━━━ Data for this task ━━━

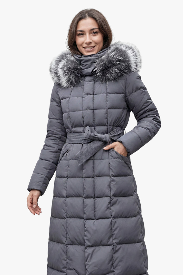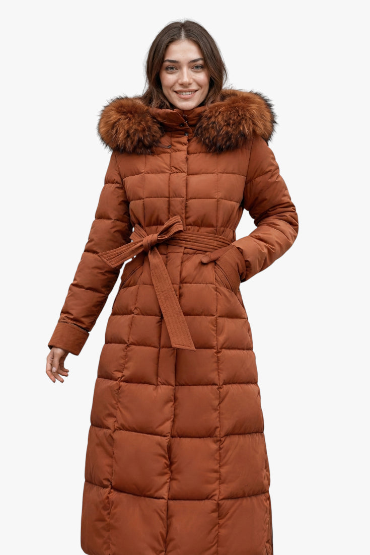 Long Belted Puffer Coat | Faux Fur Trimmed Hood | Ultra-Warm Insulation | Winter Chic
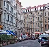 Aujourd'hui encore, certains bâtiments de la rue sont constitués de maisons de revenus représentatives situées dans des lotissements fermés, construits à partir de la fin du XIXe siècle et offrant des espaces pour de petites entreprises aux étages inférieurs[12]. Presque tous les bâtiments sont des bâtiments classés, en commençant par la maison numéro 1 (Kosmoshaus), en passant par les numéros 4 (avec une plaque commémorative pour le peintre Max Schwimmer), 6, 8 (théâtre), 9, 11, 12, 13, 15, 16, 17, 18, 19, 20, 21, 22, 23, 25, 28, 29, 30, 31, 32, 33, 34, 35, 36, 37, 38, 39, 40, 41, 44 à 45.
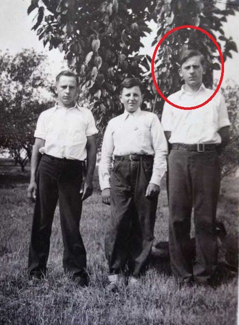 On one picture he poses with his twin brother Andrew on the left and his youngest brother Paul who was the only son to be left to handle the family farm during the war.
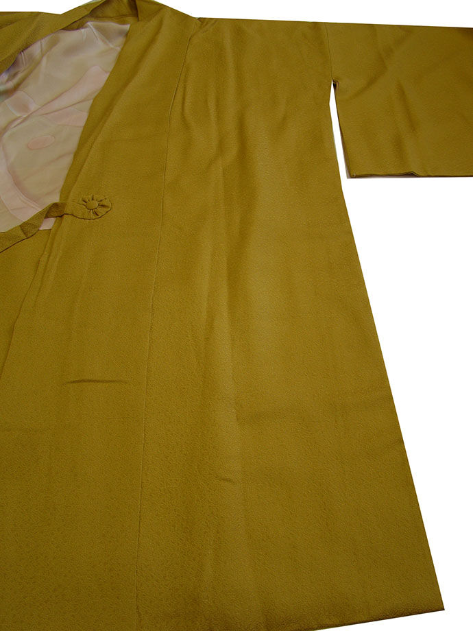※縮緬地フクレ織の素敵な道中着です。 ワンランク上のコートをはおり、周りに差をつけお洒落心を擽る趣向を凝らした完好なお品です。 いつの時期も大事な帯や着物を守る為にも、外出の折にはコートは身に付けたいものです。 40代~70代迄幅広く着用出来出来ます。 身長162cm~168cmの貴女に最適!! |
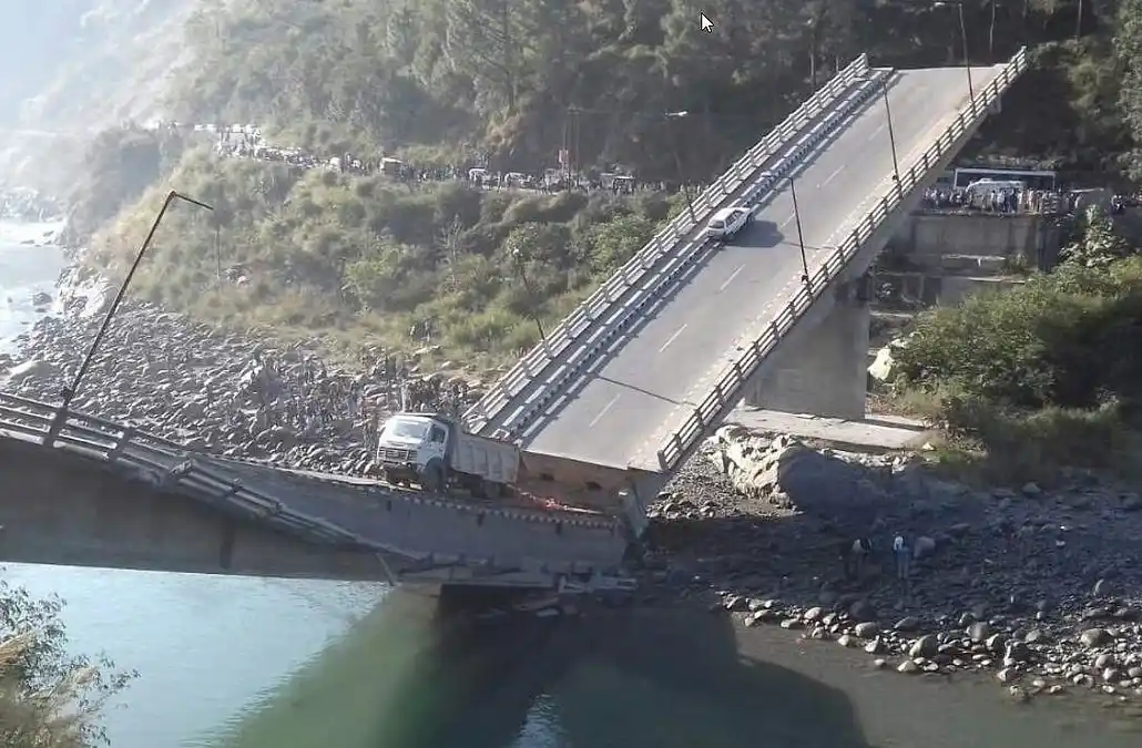 हिमाचल में कुदरत का कहर: हिमाचल में ताश के पत्तों की तरह ढहा निर्माणाधीन पुल, कई गावों का संपर्क टूटा
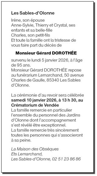 Décédé à Les Sables d'Olonne (85340) le lundi 5 janvier 2026
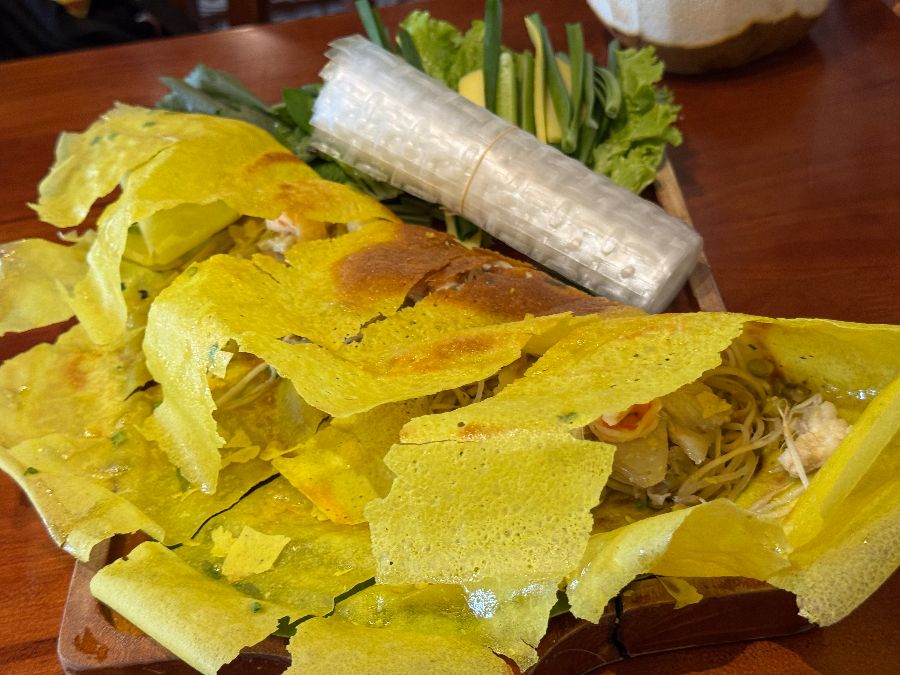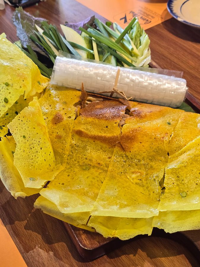 반쎄오의 푸짐한 양은 여럿이 함께 즐기기에도 충분합니다. 노릇하게 구워진 반쎄오의 비주얼은 식욕을 자극하며, 한 입 베어 물면 입안 가득 퍼지는 고소함과 신선한 채소의 아삭함이 잊을 수 없는 조화를 이룹니다.

━━━

__Exercise requirements__: Output only the lines from the one that contains "Décédé à Les" to the end of the entries above, both end lines included, and drop the pictures.

__Solved exercise__:
 Décédé à Les Sables d'Olonne (85340) le lundi 5 janvier 2026
 반쎄오의 푸짐한 양은 여럿이 함께 즐기기에도 충분합니다. 노릇하게 구워진 반쎄오의 비주얼은 식욕을 자극하며, 한 입 베어 물면 입안 가득 퍼지는 고소함과 신선한 채소의 아삭함이 잊을 수 없는 조화를 이룹니다.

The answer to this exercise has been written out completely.